Exercise input:
++++++++++++++++++++
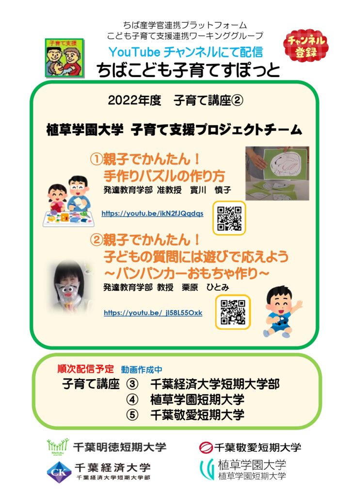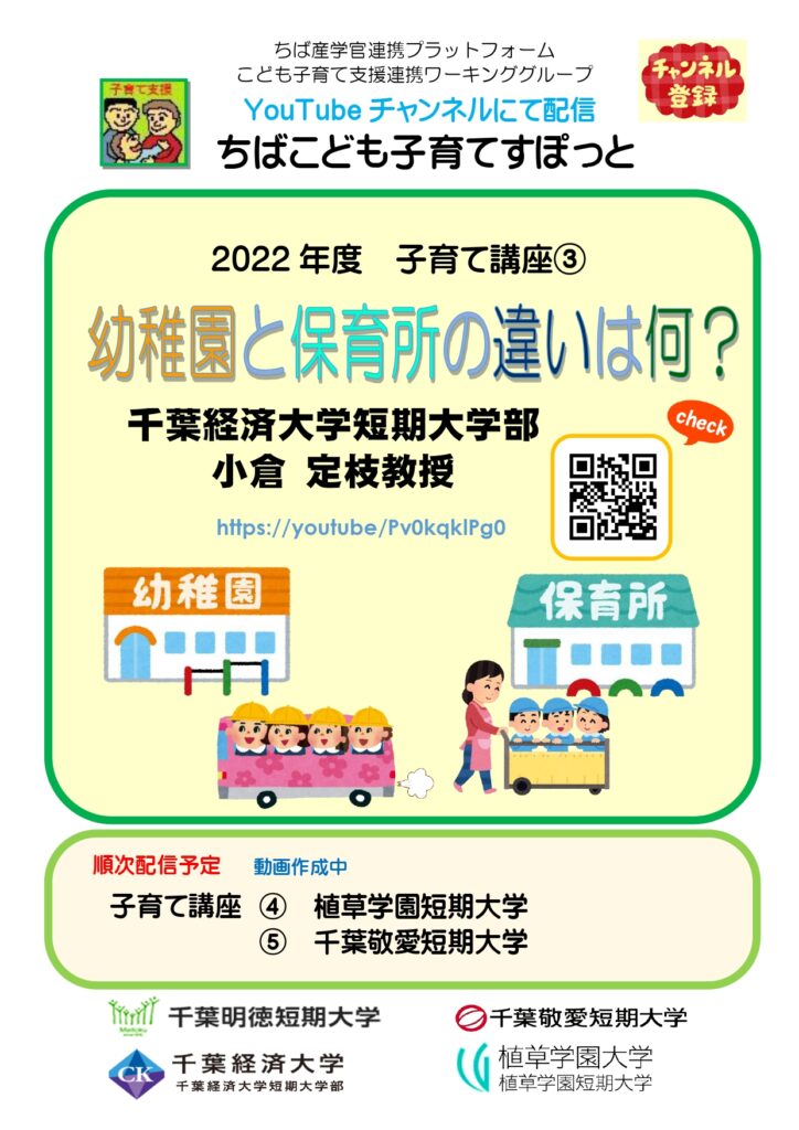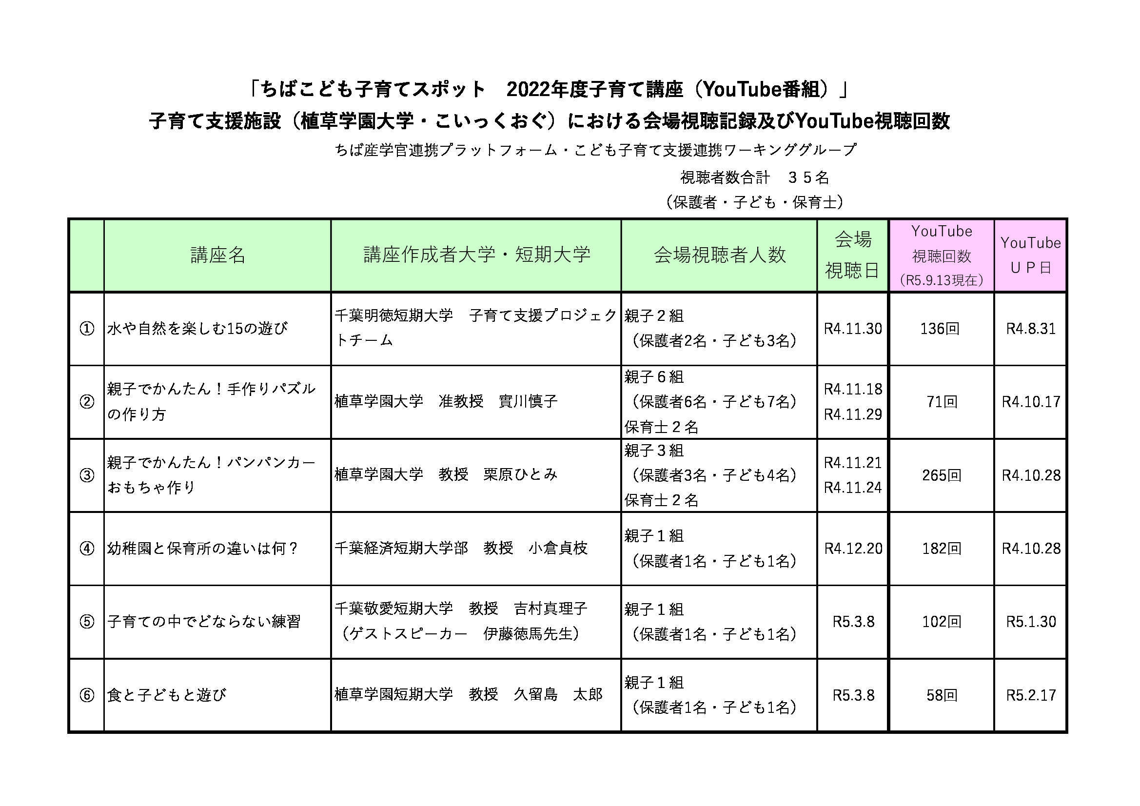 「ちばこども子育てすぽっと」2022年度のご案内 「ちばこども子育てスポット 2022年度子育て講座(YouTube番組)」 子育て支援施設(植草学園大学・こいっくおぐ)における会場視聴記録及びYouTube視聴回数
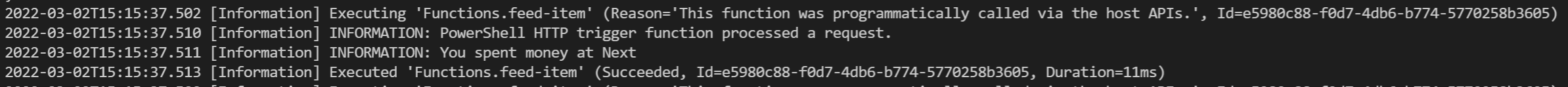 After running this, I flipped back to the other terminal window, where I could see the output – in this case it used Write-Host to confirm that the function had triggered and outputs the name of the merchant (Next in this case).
++++++++++++++++++++
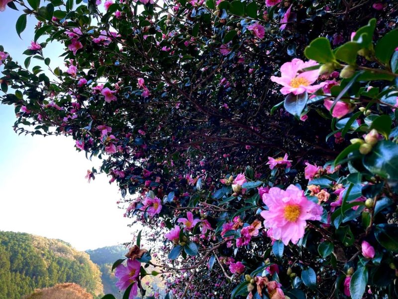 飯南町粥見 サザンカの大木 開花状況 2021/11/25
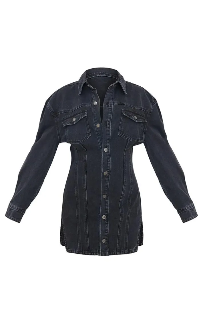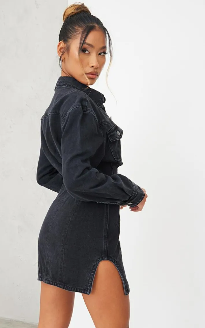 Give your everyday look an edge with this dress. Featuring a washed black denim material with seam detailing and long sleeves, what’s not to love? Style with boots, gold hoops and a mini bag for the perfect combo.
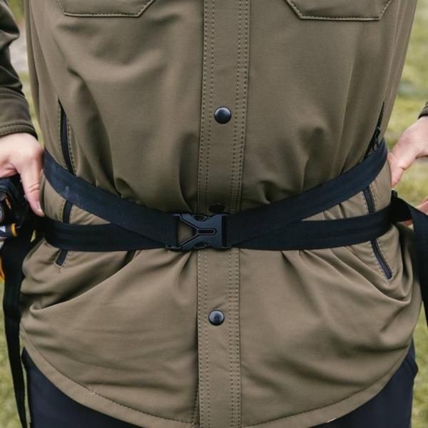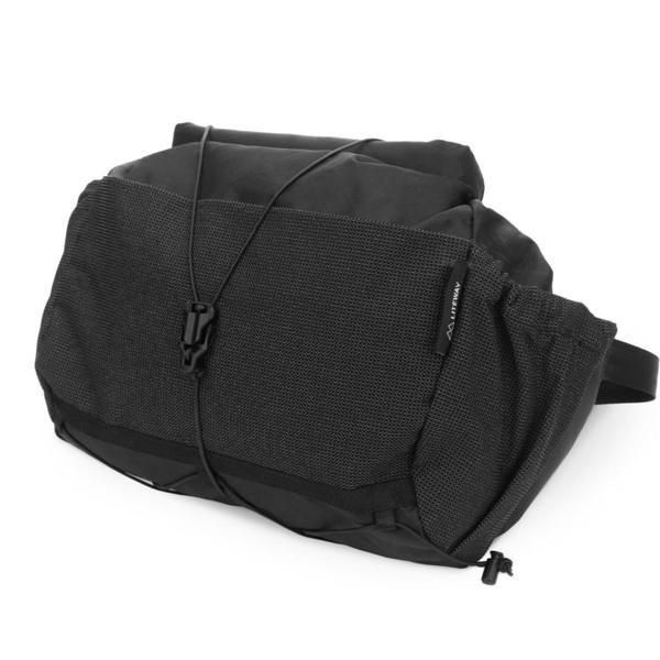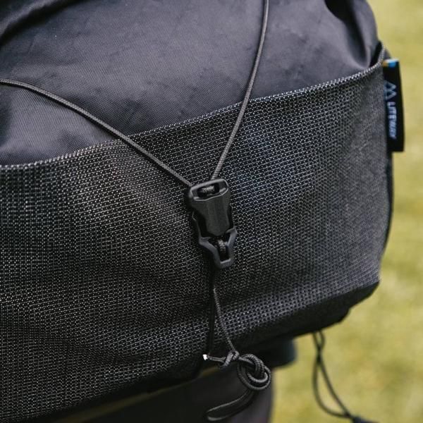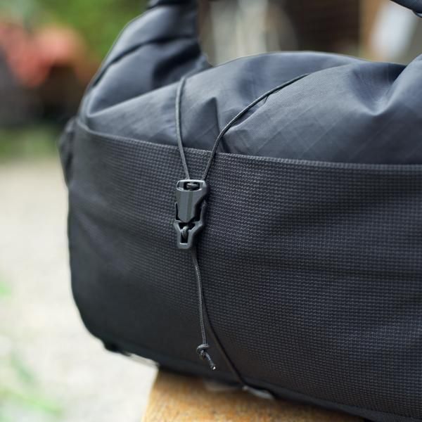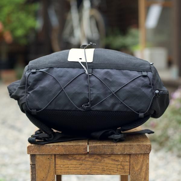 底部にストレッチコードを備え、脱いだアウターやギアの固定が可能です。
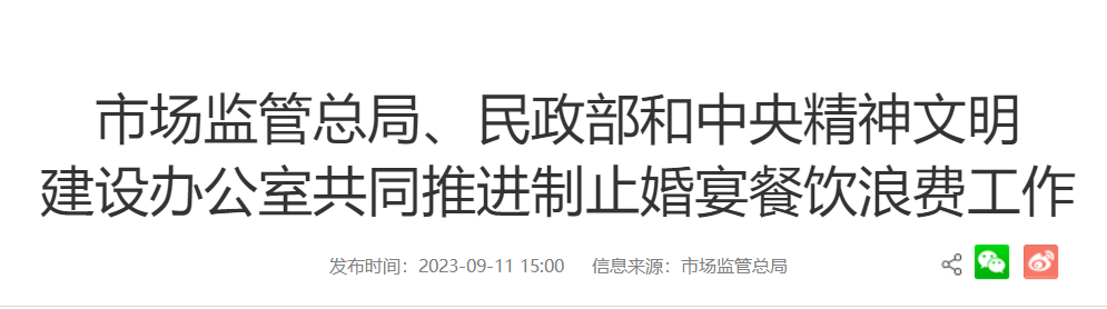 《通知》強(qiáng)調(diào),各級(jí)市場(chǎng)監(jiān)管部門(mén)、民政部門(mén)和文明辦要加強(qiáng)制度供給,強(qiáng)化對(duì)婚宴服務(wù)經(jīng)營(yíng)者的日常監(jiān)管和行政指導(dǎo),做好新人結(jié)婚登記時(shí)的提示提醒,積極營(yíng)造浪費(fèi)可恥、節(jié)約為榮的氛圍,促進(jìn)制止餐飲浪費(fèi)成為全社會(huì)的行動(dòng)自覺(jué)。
++++++++++++++++++++
What to produce:
Return, exactly as they stand, the lines above from the one with "飯南町粥見 サザンカの大木 開花状況 2021/11/25" to the one with "底部にストレッチコードを備え、脱いだアウターやギアの固定が可能です。", omitting any pictures among them.

Output for this task:
 飯南町粥見 サザンカの大木 開花状況 2021/11/25
 Give your everyday look an edge with this dress. Featuring a washed black denim material with seam detailing and long sleeves, what’s not to love? Style with boots, gold hoops and a mini bag for the perfect combo.
 底部にストレッチコードを備え、脱いだアウターやギアの固定が可能です。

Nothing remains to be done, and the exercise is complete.